Sorry for my wording. If you don't understand what I'm trying to ask
here I will just try with my TA on Friday.
Thanks,
<<name withheld to protect the student having a hard time wording...>>
Perhaps the crux of the difficulty (and it is not uncommon) is
in understanding the difference between the three condition codes
(the one-bit N,Z, and P registers) and the three bits [11:9] in
the instruction, which we call n,z, and p.

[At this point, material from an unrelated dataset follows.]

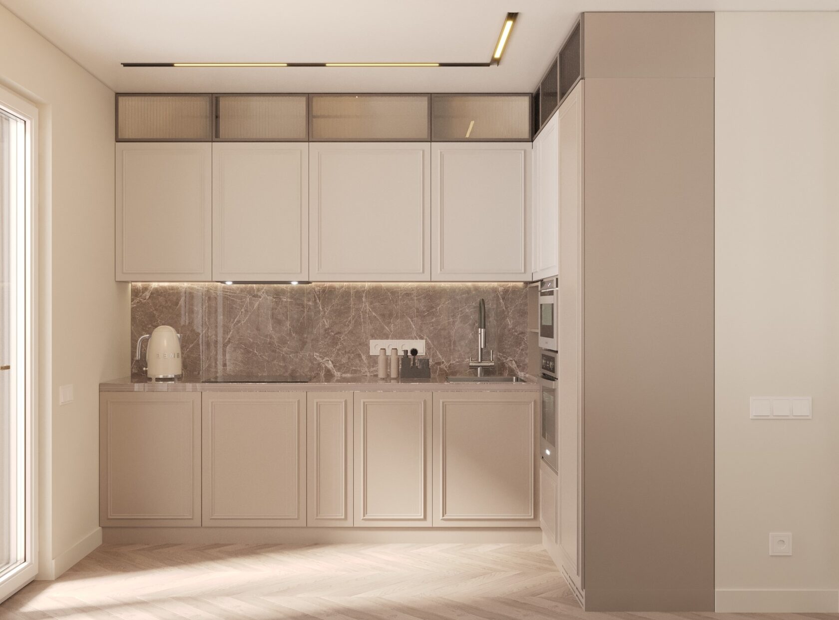Кухня также стала настоящим шедевром: мы изготовили современную мебель, с фрезерованными фасадами и утончёнными матовыми стеклянными фасадами. Кухонный остров был оформлен в тёплых тонах, а его столешница из камня придавала элегантность. Мы предусмотрели много мест для хранения, чтобы кухня оставалась функциональной и удобной для готовки.

The condition code one-bit registers are set by EVERY instruction that writes
a value into one of the registers R0 to R7. For example, when the LC-3
executes the instruction at x3006, and writes the sum of R0 and R3 into R0,
the condition codes are set. When the LC-3 executes the instruction at
x3002 and writes the value stored in memory location x300B into R2, the
condition codes are set. The condition codes are set according to whether
the value written into the register is negative (N is set to 1, others set to
0), zero (Z is set to 1, others set to 0), or positive (P is set to 1, the
others are set to 0).
So, the condition codes reflect what has actually been written into the
register the last time something was written into a register. If an
instruction does not write to one of the registers R0 to R7, the one-bit
condition code registers are not touched. They continue to keep whatever
was in them before the instruction.
Bits[11:9], which we refer to as n,z,and p (NOTE the lower case, as opposed
to capitals for the N,Z,P one-bit condition code registers) are bits in the
instruction that tell us which condition codes to look at to determine
whether or not to branch.
The notion is: If ANY of the one-bit registers specified by the
corresponding bits[11:9] of the instruction is set, then the branch
is taken. If NONE of the one-bit registers specified by bits[11:9]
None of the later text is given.